Are there any better solutions to managing some sort of redundancy/failover with LDAP?


You have several choices.

We use replication to have several LDAP servers on the network, hidden behind a load balancer, so if one goes down, we still have one available. We use keepalived for our load balancing. You can also use keepalived in a failover setup, where you have a hot backup slave.

Secondly, you can have a local LDAP server on each workstation, but this will result in a high maintenance headache, as you need to administer all of these and monitor them to make sure they are keeping up with replication. You don't want them to fall out of sync.

When you have a slave server, make sure you set your updateref option so that any attempted updates are sent to the master server.

There are several settings in /etc/ldap.conf you can use to make the situation better. The most important one is:

bind_policy soft

The default is "hard", which will keep retrying to contact the server with a wait in between. If you set it to soft, it will return immediately. You can also use the timeout options to reduce the amount of time it waits.

# Search timelimit
timelimit 30

# Bind/connect timelimit
bind_timelimit 30

I know you have an accepted answer from David, but I'd like to propose a different approach here and share some of my experiences.

I've found the problem with using bind_policy soft is that if you don't get a response from the server right away, say for example it is busy or you have high network load, you'll get an LDAP failure immediately. For nss_ldap this means that your nss lookup will fail and whatever process was trying to use it will simply report it couldn't find the user or group it was looking up and fail. This can be a problem during normal operations when you your LDAP server is up, which IMO is worse than problems when your server is down.

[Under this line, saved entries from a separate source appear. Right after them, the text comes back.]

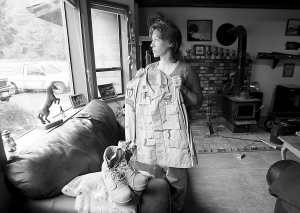 瑪麗在家中收拾自己在伊拉克戰(zhàn)場上穿過的軍裝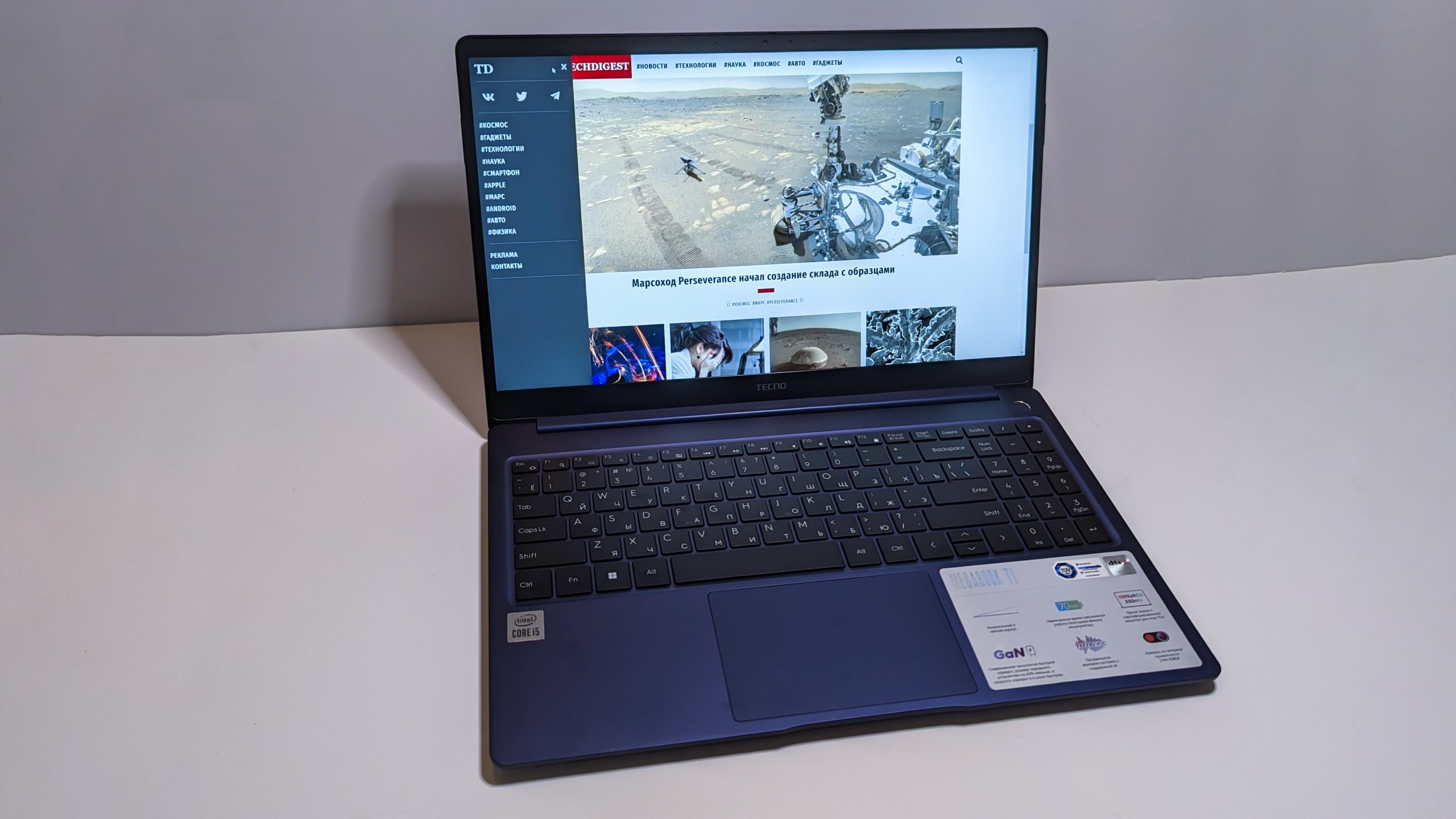 Размеры TECNO Megabook T1 35,8×23,7×2,1 (в самом толстом месте), что весьма компактно для ноутбука с экраном 15,6 дюйма. Вес ноутбука чуть больше 1,5 килограммов, и хотелось бы написать “без учета зарядного устройства”, но оно тут чуть больше, чем у среднестатистического смартфона. При этом ноутбук обладает великолепной автономностью.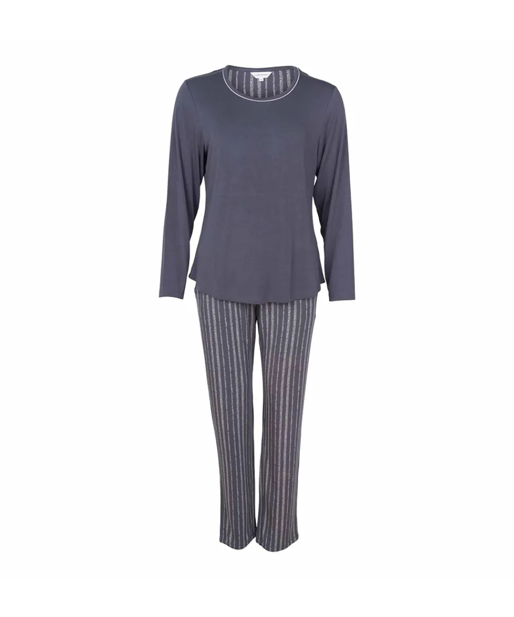 Lady Avenue Top/ Loungeshirt/ Pyjamas<1036 GRAPHITE/ROSE – Bamboo Homewear Long Sleeve Pyjamas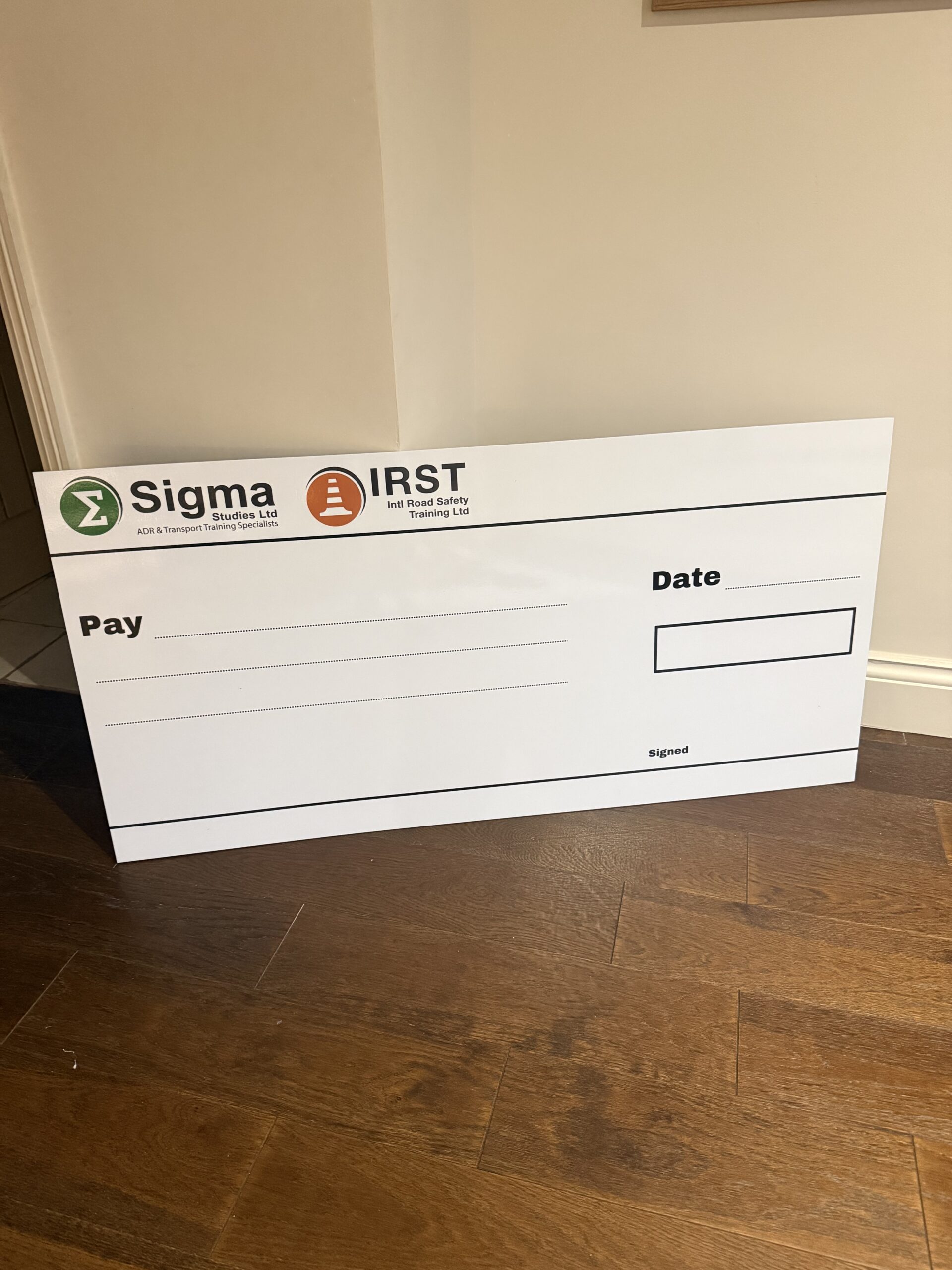 Forget flimsy cardstock or rollable paper that creases and bends. Our giant cheques are printed directly onto premium 5mm Foamex (PVC foam board). This material is the industry standard for professional-grade display items for several key reasons:

I've found a more acceptable solution by using the following settings:

bind_policy hard
nss_reconnect_tries 3
nss_reconnect_sleeptime 1
nss_reconnect_maxsleeptime 8
nss_reconnect_maxconntries 2

This way you'll still have a hard connect policy, but the nss_reconnect_* settings will drastically reduce the amount of time your LDAP client will spend trying to get an LDAP result. It also means that during normal usage, if it fails to get an LDAP result on the first try, it will try again and usually get it the second time around. This means fewer failures during normal use.

As far as running a local LDAP server on each workstation, I don't recommend that. What I can point you to instead is nsscache. It was written by some engineers at Google and it solves this problem by creating a local cache of the LDAP database and incrementally updating it through a cron job. You then set up your nsswitch source to use their library instead of nss_ldap and all lookups are local. This has the advantage of greatly reducing the load on your LDAP server, and making all the lookups available if the connection to the server is down. It doesn't have the greatest documentation right now, and isn't in widespread use, but it does work well an the mailing lists are quite responsive.